Мушег поправлялся медленно, хотя его товарищи делали для него все, что могли. Целые дни он проводил в полудремотном состоянии. На все вопросы отвечал неохотно и односложно.
Между тем дела шли все хуже и хуже: с трудом можно было достать кусок хлеба, жили они впроголодь, а те немногие медяки, которые случайно зарабатывали, приходилось тратить на Мушега.
Однажды внимание Мурада привлекли три степенных бородача, сидевших на низких табуретках у входа в мечеть. Это были писцы. Около каждого писца стояло по нескольку человек, которым хотелось прочесть полученное с фронта письмо или написать ответ. Тут были и женщины и старики, главным образом крестьяне. Мурад подошел ближе к одному из писцов. Тот читал крестьянке написанное им письмо. Кроме названия селения и имени адресата, все письмо состояло из высокопарных, непонятных арабских и персидских фраз, и когда крестьянка, ничего не поняв, спросила писца: «Ага, почему ты не написал о нашем ребенке?» – то писец сердито фыркнул:
– Глупая! Что ты понимаешь! Я тебе написал письмо, достойное пера Хафиза. Иди и отошли его, да благодари бога: твой муж будет очень доволен.
Бедной крестьянке ничего не оставалось делать. Она поблагодарила писца, расплатилась и ушла.
Мурад заметил, что письма у писцов уже заготовлены, им остается лишь проставить в них имя адресата. У Мурада мелькнула мысль: почему бы и ему не заняться этим делом, – ведь он мог бы написать понятнее то, что крестьянки хотели передать в письме своим родным. Но для этого ему нужно было достать чернильный прибор, бумагу и конверты, а где же это взять? Правда, нужно было еще более или менее приличное платье, чтобы внушить людям некоторое уважение к своему «интеллигентному» труду и доверие к юному возрасту, но о платье он и не мечтал – это было недостижимо.
Всю ночь, лежа на соломе, Мурад строил планы, а утром отправился в писчебумажный магазин и произнес целую речь перед удивленным торговцем.
– Ага! – начал Мурад. – Обращаюсь к вам с величайшей просьбой: доверьте мне в кредит чернильный прибор, перья, бумагу и конверты. Я честный мальчик, но, хотя и беден, собираюсь зарабатывать себе хлеб насущный благородным трудом: хочу стать писцом. Пишу я хорошо, почерку моему может позавидовать любой каллиграф. Скоро я верну вам стоимость всего этого; но если постигнет меня неудача и я не сумею заработать, чтобы расплатиться с вами, то верну вам ваш прибор и все остальное в целости и сохранности. Поверьте моему слову, ага: я вас не обману. Я сын благородных родителей, их постигло несчастье, и я остался один. Помогите мне.

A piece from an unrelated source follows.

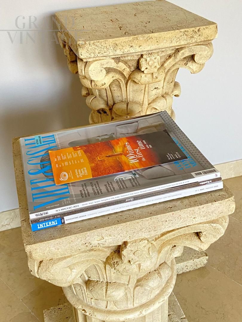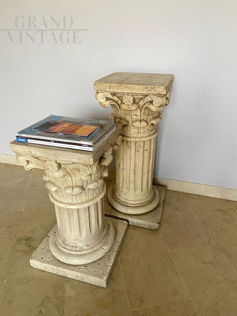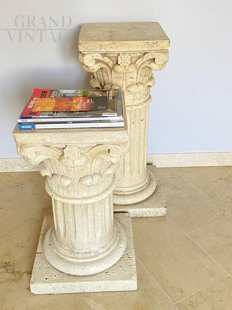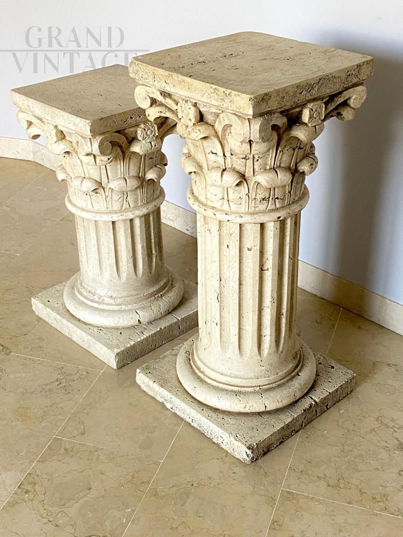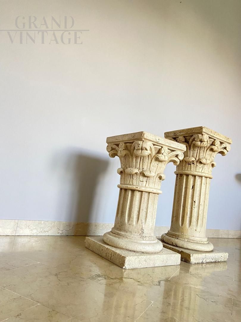 Pair of indoor columns in Travertine marble with Corinthian style capitals, Italy 1940s, perfect as a decorative element to hold sculptures or lamps. The scenographic impact of these objects is indisputable and timeless. The tallest column has a height of 75 cm and a side of 36 x 36 cm, the lowest has a height of 60 cm and a side of 36 x 36 cm.

Мурад с трепетом ожидал ответа торговца.
– Хорошо, я дам тебе в кредит то, что ты просишь, – после раздумья согласился торговец, – но ты напиши на этой бумаге несколько слов, я посмотрю, хорошо ли ты пишешь.
Мурад старательно написал все только что сказанное им. Торговец, внимательно перечитав несколько раз написанное, остался доволен.

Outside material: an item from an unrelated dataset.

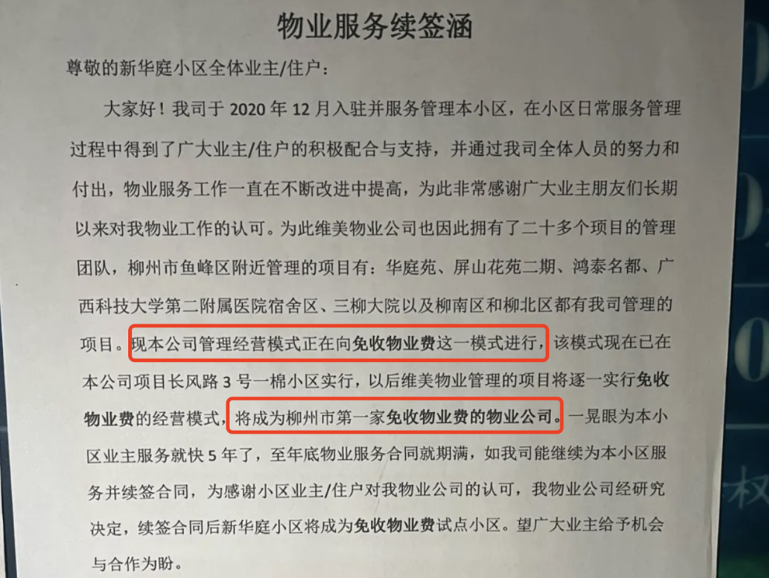柳州维美物业服务有限公司(以下简称维美物业)是《物业服务续签函》的署名单位。内容显示,公司于2020年12月进驻并服务管理新华庭社区,物业服务合同于今年年底到期。

– Хорошо пишешь, молодец! Боюсь только, что люди не будут доверять тебе: уж больно ты молод, да и плохо одет.
В ответ Мурад только вздохнул.
– Что ж, попробую. Аллах поможет! – сказал хозяин лавки.
Засунув чернильный прибор за пояс, спрятав конверты и бумагу, Мурад побежал к своим товарищам.
– Я достал все, что надо! Сейчас отправлюсь к мечети около базара, там сяду на ступеньки, разложу бумагу и конверты около себя и буду ждать. Вы же отправляйтесь на базар, отыщите людей, которым нужно писать письма, и расскажите им о молодом писце, расхваливайте его как можете, сочиняйте о нем все, что хотите. Расскажите, что он чуть ли не сын вели[13]13
Вели – губернатор.
[Закрыть]; берет, мол, недорого, напишет все, что вам понадобится, пишет лучше любого муллы. Понятно?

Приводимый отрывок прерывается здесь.